← Back to context

Comment by npsimons

13 years ago

if you are trying to replace something older, you better at least have feature parity

Which is why there has been so much fuss. I haven't kept up, but has the Wayland project changed their tune on networkable graphics? I will grant that X could use some uncrustifying, but I think the general gist of the OP is correct: there is just so much that X offers that Wayland and Mir will have to catch up to (assuming they can, which requires not just time and effort, but forward thinking on design and architecture).

And as for performance, my N900, a four years old phone, runs X just fine. The sad experience I have had with software (including OSS), is that the newly born projects are almost always designed without paying attention to efficiency, usually through a lack of awareness because people are so used to fast hardware these days.

X ran fine (faster than Windows GDI) on my Pentium machine, and that was almost 18 years ago!

People run crapburgers like GNOME and then say "X is bloated and slow, we need to replace it NOW with Wayland". Uh, no, your DE is bloated and slow. X is warty and certainly worthy of criticism, but force-switching everybody to PulseVideo--sorry, Wayland, is not going to solve all the problems with the Lunix desktop and is going to introduce a whole new slew of transition-phase problems.

As you said, Wayland actually provides less than X. If you want to turn Linux into Windows, then the solution is a single, standardized, soup-to-nuts graphics layer incorporating everything from graphical primitives to widget toolkits and user-interface guidelines. Linux still has multiple toolkits and multiple DEs squabbling for mindshare, and seems to grow one more everytime GNOME pisses someone new off.

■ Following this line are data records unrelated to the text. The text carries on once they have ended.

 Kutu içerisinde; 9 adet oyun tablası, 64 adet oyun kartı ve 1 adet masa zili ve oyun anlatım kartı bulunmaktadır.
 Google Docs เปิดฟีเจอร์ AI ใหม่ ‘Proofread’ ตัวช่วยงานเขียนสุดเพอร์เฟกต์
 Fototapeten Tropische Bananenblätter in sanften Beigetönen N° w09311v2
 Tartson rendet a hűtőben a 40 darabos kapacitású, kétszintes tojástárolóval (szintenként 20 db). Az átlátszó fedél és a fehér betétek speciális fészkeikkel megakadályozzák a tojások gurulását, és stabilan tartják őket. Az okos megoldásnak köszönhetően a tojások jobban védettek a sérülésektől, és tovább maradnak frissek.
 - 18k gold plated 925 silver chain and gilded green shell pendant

> has the Wayland project changed their tune on networkable graphics

You mean "provide a flag in ssh to forward a rendered window?"

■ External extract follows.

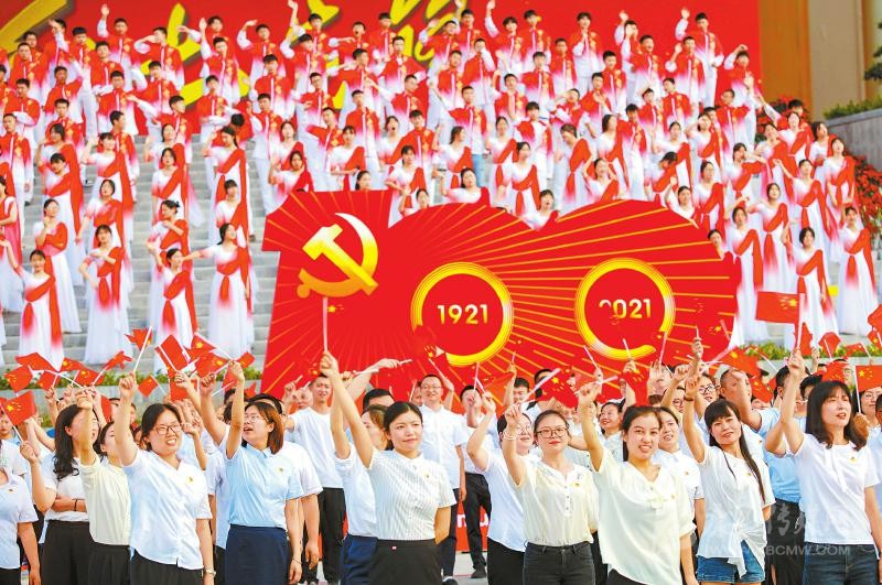6月30日,遂寧市市民中心廣場,社會各界代表1000余人齊聲高唱《唱支山歌給黨聽》,慶祝中國共產黨成立100周年。劉昌松攝
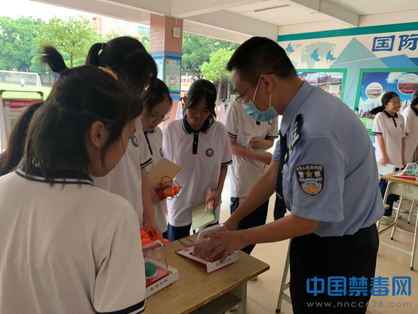 图为工作人员向学生展示毒品仿真模型。中国禁毒网发

They were talking about having hooks so a VNC server could act as a compositor for windows that it can forward over the VNC protocol. That would be a much better solution than raw pixel buffers like X forwarding had.

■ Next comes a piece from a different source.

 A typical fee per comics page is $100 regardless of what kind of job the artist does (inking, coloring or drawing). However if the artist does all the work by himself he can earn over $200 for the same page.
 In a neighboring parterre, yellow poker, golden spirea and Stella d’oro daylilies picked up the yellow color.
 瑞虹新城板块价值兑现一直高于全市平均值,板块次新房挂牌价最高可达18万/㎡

  • That is not feature parity, I don't care how much people claim it is. Feature parity is when I can start a GUI program on a remote machine and have its windows show up as if they were running locally. Not some sandbox-separated-desktop-in-it's-own-window, where my keyboard shortcuts and mental map are broken (I can't alt-tab through all my windows now). It drives me nuts how these people claim to be "advancing the user experience" when they obviously don't even care about such basic concepts as consistency (eg, the aforementioned capability of being able to tab through all windows, whether local or remote).

  • X forwarding is just a tunnel for the normal X protocol, which is both higher-level and provides much more functionality than a raw pixel buffer.

    • What extra functionality is available in networked X that is not available over a VNC pipe?